El hogar perdido.
Había salido de viaje, en la búsqueda de un logro, de una sorpresa, de sobrepasar mis limites, había ido ahí a un lugar tranquilo, soleado y salado. Había completado mis deberes con normalidad, había compartido comidas, bebidas e incluso cama con las personas que me inspiraban en ese momento. Había sido un viaje normal, salí de mi hogar a un viaje, sin saberlo, a ese hogar ya no volvería jamás.
El cansancio era como una bruma para mi mente, la luz era extraña, las sensaciones eran espesas, pasaba por el umbral y todo estaba igual, pero nada era lo mismo. Ahogados en llanto, en penas, en suspiros que solo suponían la lluvia que se avecinaba, una lluvia que los llevaría lejos. Era como escuchar un saxofón nostálgico, triste y que volvía tenue la luz. Se acabó. Mañana ya no es mas. ¿No es esa es la virtud del tiempo? Nada es permanente, nada es absoluto.

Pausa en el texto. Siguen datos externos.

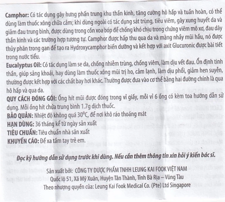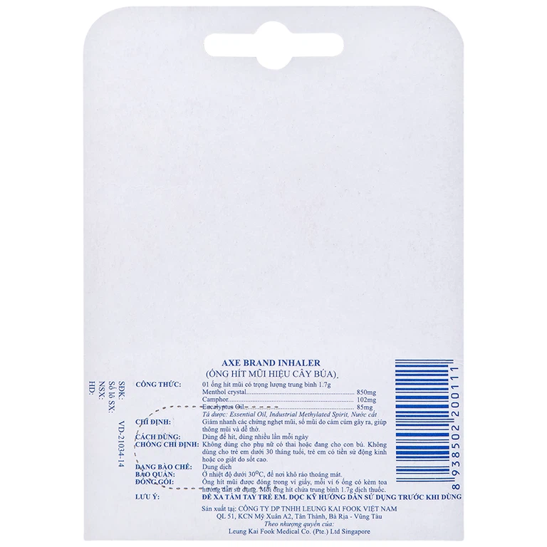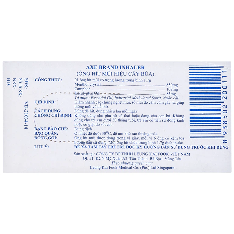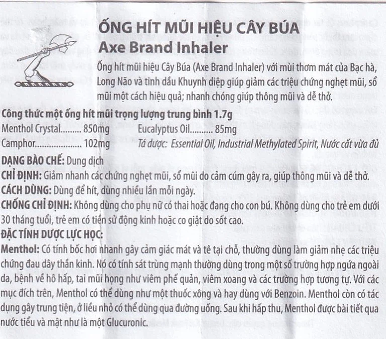 Thành phần của Ống hít mũi hiệu Cây Búa Axe Brand Inhaler

De esa manera es el regalo que nos brinda, nada que nos atormente es para siempre y la felicidad no es eterna, pero la promesa del descanso y de nuevos amaneceres siempre se nos da.

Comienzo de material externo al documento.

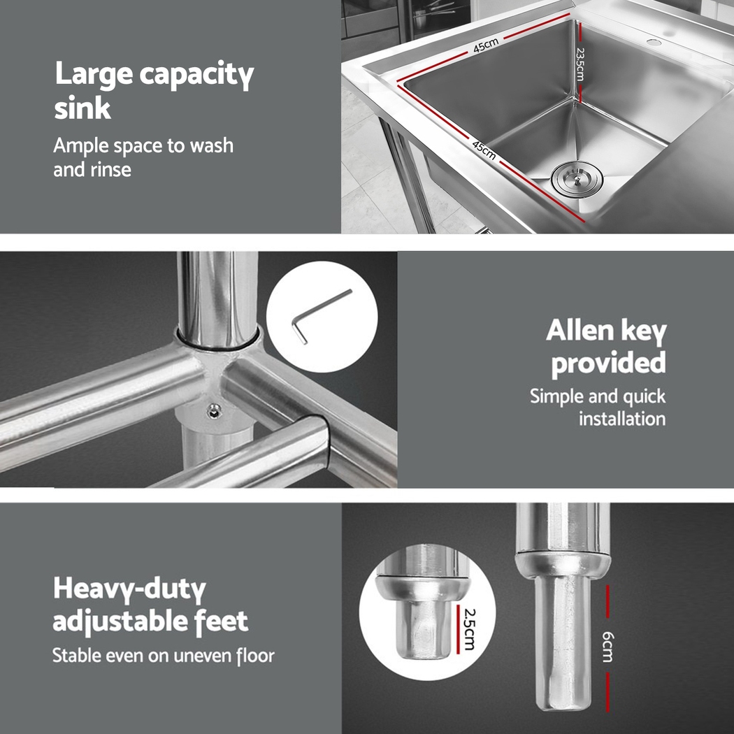 Cefito Stainless Steel Sink Bench Kitchen Work Benches Bowl Wheels 304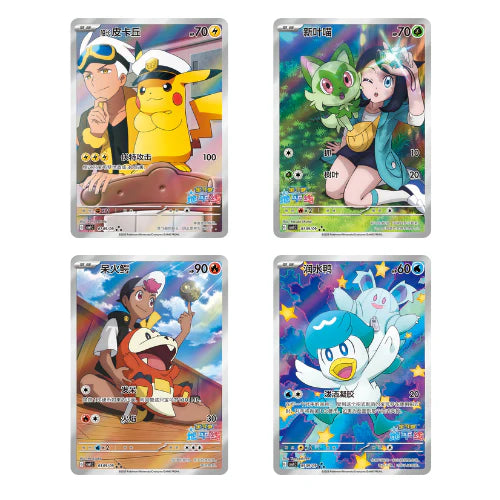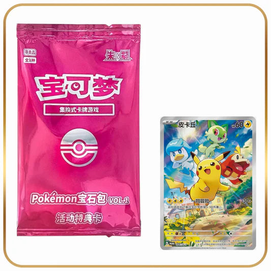 The Gem Pack Booster Box is a first-of-its-kind booster pack for Simplified Chinese Pokémon. It’s full name being “Gem Pack Vol. 1“. With the launch of the Scarlet & Violet era in Pokémon China, a new pack with various foil designs, stamped promo cards and never-seen-before illustration cards have been revealed. This pack is the first booster pack that Simplified Chinese Pokémon products have moved to a new rarity system too, much like you would see in the English Pokémon Cards. The four chase cards of this promo pack feature characters you know and love from Pokémon Horizons, and include a Pokémon Horzions stamp.

Quedan escombros, una ruina, no se ve nada en pie, pero quiero creer que todo esto es solo el inicio, que no todo es destrucción, sino que es un renacer. Fénix. Ave legendaria, ayúdame, guíame en este sin sentido, déjame escoger sabiamente ante este nuevo absurdo. Dame fuerza, dame coraje, dame claridad.

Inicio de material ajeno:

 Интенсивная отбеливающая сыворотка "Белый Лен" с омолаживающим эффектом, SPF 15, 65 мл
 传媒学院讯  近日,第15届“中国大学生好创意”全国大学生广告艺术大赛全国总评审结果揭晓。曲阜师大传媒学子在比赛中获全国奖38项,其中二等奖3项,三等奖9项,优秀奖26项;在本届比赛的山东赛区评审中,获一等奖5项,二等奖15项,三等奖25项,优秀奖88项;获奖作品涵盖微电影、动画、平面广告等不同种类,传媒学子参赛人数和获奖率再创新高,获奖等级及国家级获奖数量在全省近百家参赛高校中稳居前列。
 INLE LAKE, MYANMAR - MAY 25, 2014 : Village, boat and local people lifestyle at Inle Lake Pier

A las dos mitades, el rencor solo es un espasmo del adiós. Cuídense y dense la oportunidad de perdonar, de sanar. La metamorfosis es una elección siempre al alcance de los fuertes. Yo trataré una última vez mas de llevar el peso, no tarden mucho que las energías me son pocas, pues mi propia realidad ya me alcanzó allá atrás. Yo no sé que pasará, pero creo que esto es providencia. La neblina se disipa y me doy cuenta que es cierto, se perdió mi hogar.